Throwback Thursday is your weekly concentrated dose of nostalgia, where we round up the bests and worsts of all things 90s (and the early 2000s.) This week: the top 5 90s snacks.
It’s late at night. You’re watching some terribly awesome late night TV, probably a Friends rerun, when suddenly, you get a craving for junk food. Now, I’m not saying that’s a bad thing. I eat like Liz Lemon, especially when it comes to “workin’ on my night cheese!” I definitely would identify myself as a cereal—I mean serial snacker. Snacking is my greatest sin. My weaknesses are cheesy pop music and cheese itself (preferably in the form of doodles). Basically, I love food. That passion for junk food had to come from somewhere, right? I blame the 90s and its plethora of sugary, radioactive-colored (remember purple and green ketchup?) munchies. On that note, here are the top 5 90s snacks, best served with those aforementioned Friends reruns.
You know what would go great with these hunks of sugar? If we dipped them into more sugar! As if kids aren’t already hyped up enough already. Although, I do recall never thinking that I had enough frosting. Basically, this snack highlighted a very important theory on the cookie-to-frosting ratio, which is calculated on age. Essentially, children saw the little dollop of frosting as a molehill, thinking that there was barely enough to cover even one cookie, whereas adults always saw that same dollop of frosting as a mountain of sugar that would induce a nightmarish sugar high and an overarching result of diabetes later in life.
Hey, kids, you know that teddy bear you sleep with? Well thanks to the 90s, now you can make him really, really tiny, and then eat him and all of his friends! Seriously, whoever invented Teddy Grahams must’ve had something against teddy bears. I do give them some props for the Elvis jingle, though. In all honesty, Teddy Grahams were just straight up awesome, I still beg my mom to buy them for me when I go home. And yes, I still sometimes pretend to drown them in my glass of milk. (Editor’s Note: SC headquarters is always stocked with Teddy Grahams. Just sayin’)

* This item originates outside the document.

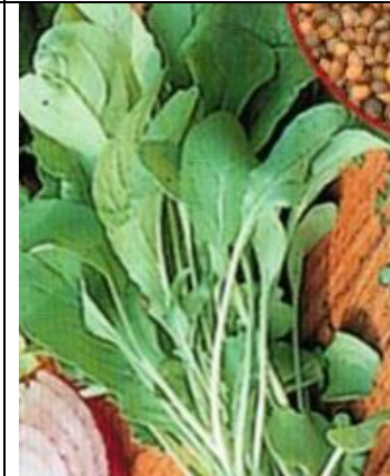
Rucola I. sinappikaali

Maukas ja mehevä. Syys- ja talvisalaatti Kylvetään huhti-kesäkuussa, itää 6-15 vuorokaudessa 18 asteessa. Annoksessa noin 800 siementä.
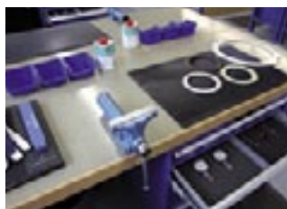
Der Blick auf einen Ausbildungsplatz – natürlich mit Werkzeugen von Brütsch/Rüegger Tools

Lunchables, for the lazy parent. Just how hard is it to put some cheese and crackers in your kid’s lunchbox? Very, apparently. Thankfully, Lunchables provided the solution to harried housewives and frazzled fathers everywhere. Sure, I mock, but I definitely did love Lunchables. The best one was the pizza one. I also remember being particularly excited about the fact that they came with the a Capri-sun – even though I could never get my straw to poke through, those were still the best juiceboxes! Anyone who says otherwise isn’t a true 90s kid.

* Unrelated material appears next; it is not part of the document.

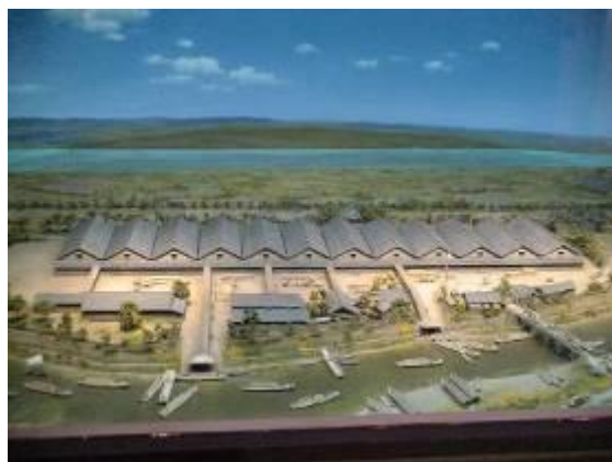
圖 3-2 精緻的山居倉庫建築模型

山居倉庫的屋頂為 2 層建築，具有通風防潮功用，建材就如台灣早期的農家土角厝，後因修繕木板已塗上焦油防蟲害，倉庫群後之山毛櫸更具有防曬防強風之功能，是文化資產，也是參觀者最愛景點之一；佔地約 400 平方米的倉庫群換算用稻草綑綁的 60 公斤稻米包，約可存放 12000 包，這是山居倉庫的主要功能，至今維持不變，不同的是早期稻米運輸藉助千石船運送，現因公路發達已改為卡車運輸，更撥出 1 棟倉庫做為資料館，收藏展示庄內米相關歷史文物、精緻模型等，更結合電影產業，變成旅遊熱門景點。

Fruit Roll-Ups / Fruit By The Foot
I’m not exactly sure how much “fruit” was in either of these snacks, but I do remember my mom always trying to force fruit roll-ups on us as a “healthy alternative” to everything else. (Just assume those are really, really big quotation marks around “healthy”). I also remember that our pantry always looked something like this: a desecrated bag of cheese doodles, a destroyed box of teddy grahams, well-beaten bags of potato chips, and an untouched box of fruit roll-ups. But then Fruit By The Foot came along, and suddenly eating fruit roll-ups became like, a game or a challenge. Even though, let’s be honest – they tasted exactly the same.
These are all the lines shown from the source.